To the best of our knowledge, this is the first full-fledged distributed in-memory system that can support complex similarity-based query processing on largescale datasets. We have conducted extensive experiments on four real-world datasets. Experimental results show that Dima outperforms state-of-the-art studies by 1-3 orders of magnitude and has good scalability.

K-Join: Knowledge-Aware Similarity Join

Similarity join is a fundamental operation in data cleaning and integration. Existing similarity-join methods utilize the string similarity to quantify the relevance but neglect the knowledge behind the data, which plays an important role in understanding the data. Thanks to public knowledge bases, e.g., Freebase and Yago, we have an opportunity to use the knowledge to improve similarity join. To address this problem, we study knowledge-aware similarity join, which, given a knowledge hierarchy and two collections of objects (e.g., documents), finds all knowledge-aware similar object pairs. To the best of our knowledge, this is the first study on knowledge-aware similarity join.

There are two main challenges. The first is how to quantify the knowledge-aware similarity. The second is how to efficiently identify the similar pairs.
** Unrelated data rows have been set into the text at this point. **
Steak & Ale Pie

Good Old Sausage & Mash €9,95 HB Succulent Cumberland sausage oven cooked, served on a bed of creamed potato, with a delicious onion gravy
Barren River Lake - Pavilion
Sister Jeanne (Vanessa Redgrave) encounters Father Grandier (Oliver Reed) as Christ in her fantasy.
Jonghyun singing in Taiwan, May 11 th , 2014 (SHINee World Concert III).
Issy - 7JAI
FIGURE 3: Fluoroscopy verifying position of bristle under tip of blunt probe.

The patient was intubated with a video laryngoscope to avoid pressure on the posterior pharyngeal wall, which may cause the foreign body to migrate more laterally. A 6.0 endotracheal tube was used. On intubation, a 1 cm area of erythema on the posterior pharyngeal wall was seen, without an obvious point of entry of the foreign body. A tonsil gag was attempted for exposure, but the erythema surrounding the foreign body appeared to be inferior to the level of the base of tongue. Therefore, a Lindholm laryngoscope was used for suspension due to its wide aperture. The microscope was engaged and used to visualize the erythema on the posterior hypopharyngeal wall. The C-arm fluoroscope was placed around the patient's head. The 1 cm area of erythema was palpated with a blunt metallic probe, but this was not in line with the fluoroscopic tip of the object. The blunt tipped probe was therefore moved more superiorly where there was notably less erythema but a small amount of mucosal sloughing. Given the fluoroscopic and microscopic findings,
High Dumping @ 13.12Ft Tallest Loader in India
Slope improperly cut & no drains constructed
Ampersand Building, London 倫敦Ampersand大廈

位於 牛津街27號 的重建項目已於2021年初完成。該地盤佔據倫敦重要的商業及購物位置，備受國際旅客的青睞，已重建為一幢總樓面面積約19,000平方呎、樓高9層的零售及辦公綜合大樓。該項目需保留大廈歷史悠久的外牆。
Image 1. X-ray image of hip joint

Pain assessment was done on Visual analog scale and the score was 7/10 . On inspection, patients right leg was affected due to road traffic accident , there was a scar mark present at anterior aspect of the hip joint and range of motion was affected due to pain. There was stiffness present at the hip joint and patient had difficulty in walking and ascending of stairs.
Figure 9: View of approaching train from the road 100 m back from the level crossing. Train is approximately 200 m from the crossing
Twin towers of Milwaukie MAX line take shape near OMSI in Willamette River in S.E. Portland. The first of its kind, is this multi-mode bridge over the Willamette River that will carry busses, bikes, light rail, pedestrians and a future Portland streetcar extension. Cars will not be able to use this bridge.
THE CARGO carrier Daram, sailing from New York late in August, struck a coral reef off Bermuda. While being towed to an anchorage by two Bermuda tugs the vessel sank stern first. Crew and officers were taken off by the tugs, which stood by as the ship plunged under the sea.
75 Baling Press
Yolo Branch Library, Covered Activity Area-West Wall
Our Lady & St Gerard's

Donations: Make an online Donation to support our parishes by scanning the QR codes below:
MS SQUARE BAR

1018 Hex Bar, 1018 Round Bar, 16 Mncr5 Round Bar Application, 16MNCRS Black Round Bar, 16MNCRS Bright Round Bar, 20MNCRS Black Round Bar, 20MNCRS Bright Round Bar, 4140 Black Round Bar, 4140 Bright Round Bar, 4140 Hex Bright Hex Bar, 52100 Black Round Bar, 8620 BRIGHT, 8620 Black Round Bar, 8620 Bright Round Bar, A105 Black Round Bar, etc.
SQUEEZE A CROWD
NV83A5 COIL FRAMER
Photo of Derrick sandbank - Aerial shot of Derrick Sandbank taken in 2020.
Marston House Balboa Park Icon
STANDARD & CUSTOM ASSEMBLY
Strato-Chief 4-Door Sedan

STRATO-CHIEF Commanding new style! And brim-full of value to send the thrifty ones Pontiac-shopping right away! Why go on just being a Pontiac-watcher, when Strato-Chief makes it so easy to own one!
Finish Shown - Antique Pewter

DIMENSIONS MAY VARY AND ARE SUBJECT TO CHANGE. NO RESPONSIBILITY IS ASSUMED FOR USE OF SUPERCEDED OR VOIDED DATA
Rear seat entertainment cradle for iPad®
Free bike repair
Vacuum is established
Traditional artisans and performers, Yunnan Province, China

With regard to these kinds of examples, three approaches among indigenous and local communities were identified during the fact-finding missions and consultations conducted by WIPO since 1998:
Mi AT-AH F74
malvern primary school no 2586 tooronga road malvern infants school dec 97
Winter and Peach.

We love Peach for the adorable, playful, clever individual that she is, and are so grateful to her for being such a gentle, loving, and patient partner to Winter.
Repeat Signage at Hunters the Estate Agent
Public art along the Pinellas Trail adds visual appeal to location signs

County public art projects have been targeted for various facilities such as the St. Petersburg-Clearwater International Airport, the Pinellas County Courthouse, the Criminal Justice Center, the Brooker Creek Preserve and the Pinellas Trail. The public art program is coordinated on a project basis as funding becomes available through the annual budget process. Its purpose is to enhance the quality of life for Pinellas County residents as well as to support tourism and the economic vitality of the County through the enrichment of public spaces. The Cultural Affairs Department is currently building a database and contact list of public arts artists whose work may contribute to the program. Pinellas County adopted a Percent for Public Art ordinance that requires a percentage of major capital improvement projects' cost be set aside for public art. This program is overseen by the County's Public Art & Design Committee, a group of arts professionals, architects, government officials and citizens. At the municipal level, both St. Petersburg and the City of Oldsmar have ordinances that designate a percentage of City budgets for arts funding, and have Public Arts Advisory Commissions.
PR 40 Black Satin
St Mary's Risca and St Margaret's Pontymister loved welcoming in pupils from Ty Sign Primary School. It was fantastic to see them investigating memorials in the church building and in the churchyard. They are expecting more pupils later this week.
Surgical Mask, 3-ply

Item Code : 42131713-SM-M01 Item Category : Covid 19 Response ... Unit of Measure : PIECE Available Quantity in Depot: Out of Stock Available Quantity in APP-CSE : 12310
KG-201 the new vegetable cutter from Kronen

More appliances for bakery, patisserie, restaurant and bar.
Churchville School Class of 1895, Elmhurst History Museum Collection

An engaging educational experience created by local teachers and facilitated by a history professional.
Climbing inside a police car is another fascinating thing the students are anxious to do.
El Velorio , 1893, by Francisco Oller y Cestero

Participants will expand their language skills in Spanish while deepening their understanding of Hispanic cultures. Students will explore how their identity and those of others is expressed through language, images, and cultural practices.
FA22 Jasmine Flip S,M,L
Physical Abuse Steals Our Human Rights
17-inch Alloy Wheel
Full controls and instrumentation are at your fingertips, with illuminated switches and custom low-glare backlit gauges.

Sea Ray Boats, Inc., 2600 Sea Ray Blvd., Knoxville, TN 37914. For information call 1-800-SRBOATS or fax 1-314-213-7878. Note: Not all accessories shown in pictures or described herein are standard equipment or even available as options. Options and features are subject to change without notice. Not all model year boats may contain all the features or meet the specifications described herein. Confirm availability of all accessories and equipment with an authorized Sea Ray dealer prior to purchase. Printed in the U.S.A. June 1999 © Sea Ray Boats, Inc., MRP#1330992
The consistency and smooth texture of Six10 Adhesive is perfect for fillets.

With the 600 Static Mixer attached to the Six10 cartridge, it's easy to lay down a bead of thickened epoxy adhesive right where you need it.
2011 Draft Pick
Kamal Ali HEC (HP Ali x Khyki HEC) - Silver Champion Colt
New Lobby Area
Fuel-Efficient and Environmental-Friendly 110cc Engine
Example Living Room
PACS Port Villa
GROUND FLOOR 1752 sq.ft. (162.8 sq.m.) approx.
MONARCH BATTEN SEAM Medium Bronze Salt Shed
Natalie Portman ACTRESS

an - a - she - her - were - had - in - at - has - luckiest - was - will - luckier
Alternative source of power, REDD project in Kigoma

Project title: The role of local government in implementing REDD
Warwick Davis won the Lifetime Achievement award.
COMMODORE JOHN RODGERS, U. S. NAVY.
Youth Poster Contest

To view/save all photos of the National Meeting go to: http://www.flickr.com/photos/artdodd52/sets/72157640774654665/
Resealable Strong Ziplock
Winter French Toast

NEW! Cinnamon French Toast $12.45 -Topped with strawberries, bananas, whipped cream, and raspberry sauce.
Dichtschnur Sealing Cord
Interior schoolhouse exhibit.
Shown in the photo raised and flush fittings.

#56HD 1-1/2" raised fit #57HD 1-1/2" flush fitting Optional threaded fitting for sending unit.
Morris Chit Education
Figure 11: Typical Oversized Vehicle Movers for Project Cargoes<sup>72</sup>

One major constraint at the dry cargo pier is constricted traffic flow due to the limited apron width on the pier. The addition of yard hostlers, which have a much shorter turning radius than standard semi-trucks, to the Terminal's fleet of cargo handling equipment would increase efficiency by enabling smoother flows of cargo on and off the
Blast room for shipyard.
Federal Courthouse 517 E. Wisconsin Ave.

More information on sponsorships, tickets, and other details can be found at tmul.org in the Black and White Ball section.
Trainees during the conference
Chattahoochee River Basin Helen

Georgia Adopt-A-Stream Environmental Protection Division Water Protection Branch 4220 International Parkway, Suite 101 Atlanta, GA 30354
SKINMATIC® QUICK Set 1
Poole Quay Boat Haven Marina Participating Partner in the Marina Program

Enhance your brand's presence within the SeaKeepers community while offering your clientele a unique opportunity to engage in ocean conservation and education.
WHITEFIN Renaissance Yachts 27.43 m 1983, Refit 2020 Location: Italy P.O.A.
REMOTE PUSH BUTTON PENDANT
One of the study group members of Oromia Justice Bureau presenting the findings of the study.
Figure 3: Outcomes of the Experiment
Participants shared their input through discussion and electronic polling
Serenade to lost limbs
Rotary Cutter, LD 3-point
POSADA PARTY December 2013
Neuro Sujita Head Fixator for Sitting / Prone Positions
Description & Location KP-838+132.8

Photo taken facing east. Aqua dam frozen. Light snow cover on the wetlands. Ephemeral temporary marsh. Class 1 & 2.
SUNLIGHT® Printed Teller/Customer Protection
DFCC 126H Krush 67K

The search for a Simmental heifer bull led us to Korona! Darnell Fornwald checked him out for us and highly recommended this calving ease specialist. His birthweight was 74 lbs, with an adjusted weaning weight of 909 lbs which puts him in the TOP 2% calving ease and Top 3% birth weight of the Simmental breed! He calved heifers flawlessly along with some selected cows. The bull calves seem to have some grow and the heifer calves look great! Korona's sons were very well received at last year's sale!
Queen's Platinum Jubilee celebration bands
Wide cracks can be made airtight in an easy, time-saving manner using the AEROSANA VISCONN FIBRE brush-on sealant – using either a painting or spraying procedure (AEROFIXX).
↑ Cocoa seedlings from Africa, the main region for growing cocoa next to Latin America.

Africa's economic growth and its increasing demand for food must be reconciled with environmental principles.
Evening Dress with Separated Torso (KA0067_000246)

To address these challenges, we first propose a new similarity metric to quantify the knowledge-aware similarity using the knowledge hierarchy. We then devise a filter-and-verification framework to efficiently identify the similar pairs. We propose effective signature-based filtering techniques to prune large numbers of dissimilar pairs and develop efficient verification algorithms to verify the candidates that are not pruned in the filter step. Experimental results on real-world datasets show that our method significantly outperforms baseline algorithms in terms of both efficiency and effectiveness.